- Occupation: singer
- Father: Qazi Motahar Hossain
- Relatives: Qazi Anwar Hussain (brother); Sanjida Khatun (sister); Qazi Mahbub Hussain (brother);

= Fahmida Khatun (singer) =

Bangladeshi singer

Fahmida Khatun is a Bangladeshi Rabindra Sangeet singer. She was awarded Shilpakala Padak in 2014.

==Early life==
Khatun was born to Qazi Motahar Hossain, a scientist and National Professor of Bangladesh. Her siblings include Sanjida Khatun, Qazi Mahbub Hussain and Qazi Anwar Hussain.

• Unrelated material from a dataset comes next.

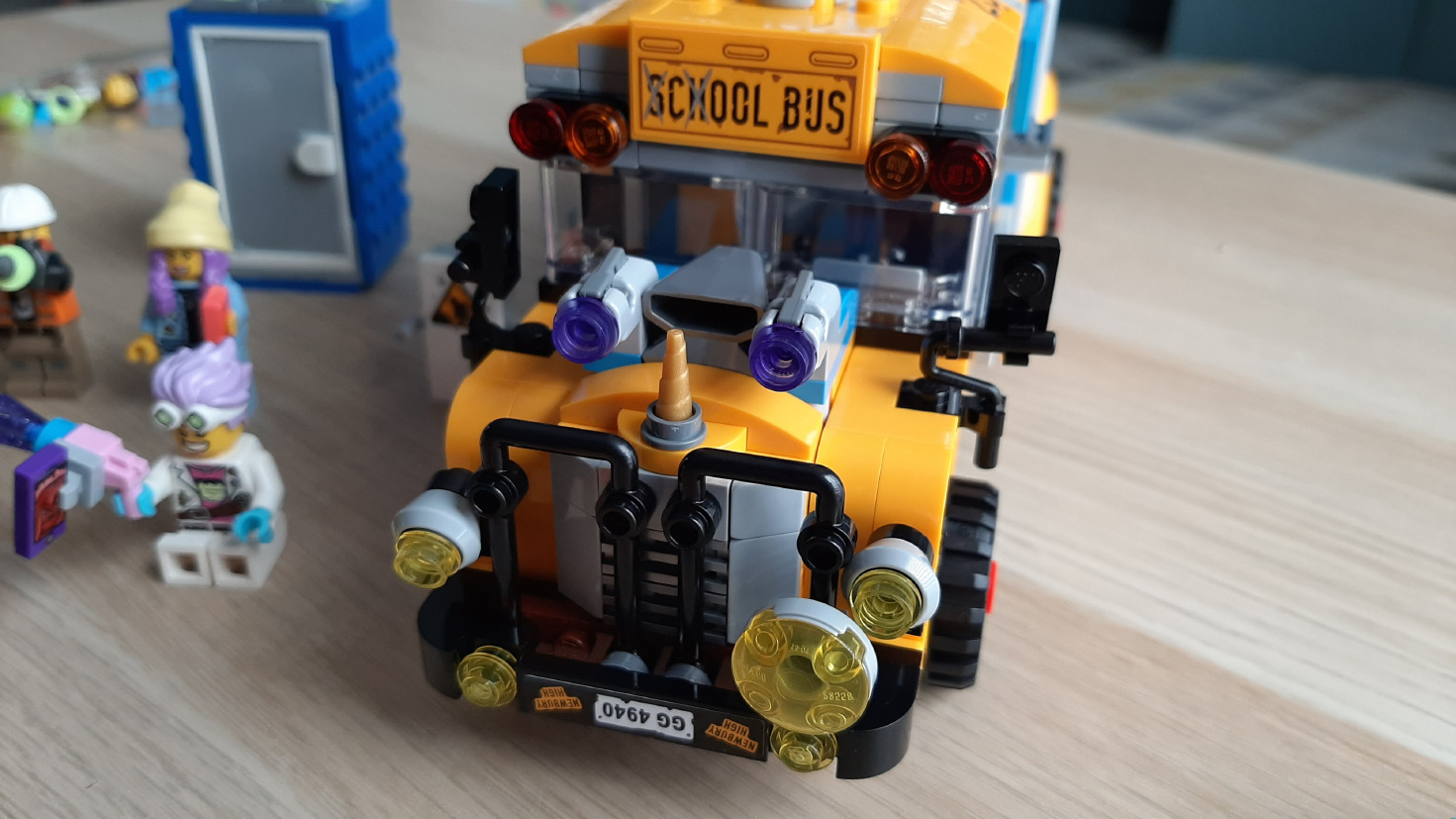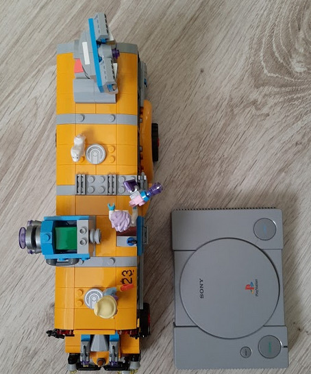Sam autobus jest ogromny - położone przy nim PSX Classic to mniej niż połowa długości. Sporo elementów jest ruchomych, obracanych i chowanych, na dachu jest parę miejsc gdzie można przypiąć ludziki, jest nawet drabinka z boku autobusu, aby któraś z 5 postaci mogła się jej złapać. Same minifigurki też są oryginalne - poza zjawami z przeźroczystymi zielonymi głowami i włosami, dostajemy grupkę ziomków i szaleńców - moje ulubione trzy to chłopak-dres z kapturem na głowie, dziewczyna w czapce smerfów z fioletowymi włosami oraz szalona wynalazczyni z krótkich nażelowanych włosach z różowym pistoletem. I to nie dla tego, że lubię róż, ale widać, że LEGO idzie w odważne i jaskrawe kolory, których kiedyś czasem brakowało. Większość ludzików z racji włosów ma też namalowaną z tyłu głowy drugą, przerażoną twarz - można więc spokojnie odgrywać scenki, gdy na arenę zabawy wkraczają duchy.

Khatun started off as a dancer. She later turned to singing. As a school student, she took lessons in classical music at home. Her mentors were Ustad Munir Hussain in classical and Sanjida Khatun, Kalim Sharafi, Abdul Ahad in Tagore songs.

==Career==
In 1956, Khatun rendered songs of the mother character in Chandalika, a dance drama. She rendered "Ami Tomar Shongey Bedhechhi Amar Praan" in the film Dharapat, the first Rabindra Sangeet song used in a film made in the then East Pakistan.

On December 26, 1964, the second day of the inauguration of Bangladesh Television, Khatun and Zahedur Rahim sang the first Rabindra Sangeet on the television screen. The song was titled "Tori Amar Hothat Dube Jai".